There is only one guarantee to eliminate all oil spill, and that is to leave the oil in the ground. We have to focus more on developing alternative source of energy such as solar and and wind. We cannot afford to have more spills. The construction or adaptation of the east existing natural gas pipeline should not even be considered. If we are concerned about creating jobs the alternative to fossil fuel will do that. I don't believe that we should be held hostage by the oil industry and or governments that oil is the answer in creating jobs and wealth

A class action lawsuit by all affected, just waiting to happen. Let's hope a contingency of adept, cutthroat lawyers successfully sues Husky's butt off, and that the NEB develops some cojones and seriously takes action against them, more than the NEB's customary slap on the wrist. Another example that pipelines and water don't mix, and, no, dilbit DOES NOT FLOAT!

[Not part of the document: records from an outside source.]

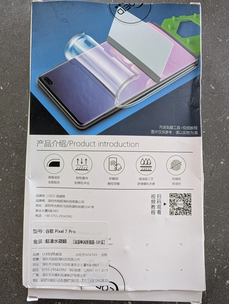 Screen protector for Google Pixel 7 Pro. Includes installation tools and instructions. Features include full adhesive coverage, shock absorption, and fingerprint resistance.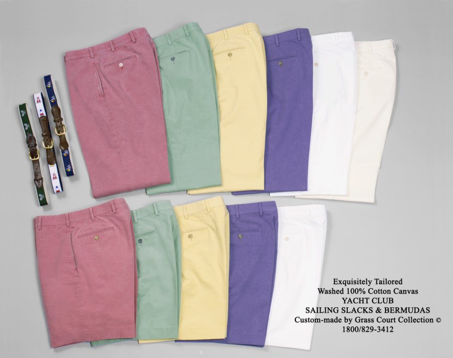 In vintage Nantucket Red, Light Yellow, Sea Green, Winter White, Bone Cream, Navy, Lavender & Cape Cod Pink. Full straight leg/longer rise fit & exquisitely tailored. All trousers/Bermudas come plain front only. Bermudas finished/hemmed at 20" and slacks unfinished at 37". Sizes: 34 - 42
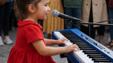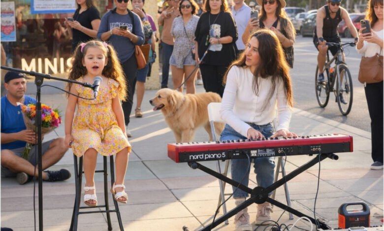 A small street setup featuring a young child initially appeared like many others—simple, casual, and easy to overlook. Sitting on a stool with a microphone in front of her, the young performer seemed calm and focused.

This incidenl, as others like it are contaminating our supply of water....imagine, contaminating great distances of a river.....and this incident involves heavy oil, which will surly sink to the bottom of the river.....and the river running at high level will ensure that there will be contamination from high levels of the shoreline to the botom. This earth does NOT belong to corporations nor does it belong to governments.. but governments have responsibility and authority (for example) in comprehensive reporting concerning this matter.

Then imagine the thin-walled, nearly six-decade old pipeline, expected to daily carry more than one million barrels of dilbit across hundreds of water courses, small and large, without danger of catastrophic spillage.

Just don't expect the boys on Bay Street to test their sensibilities in this way.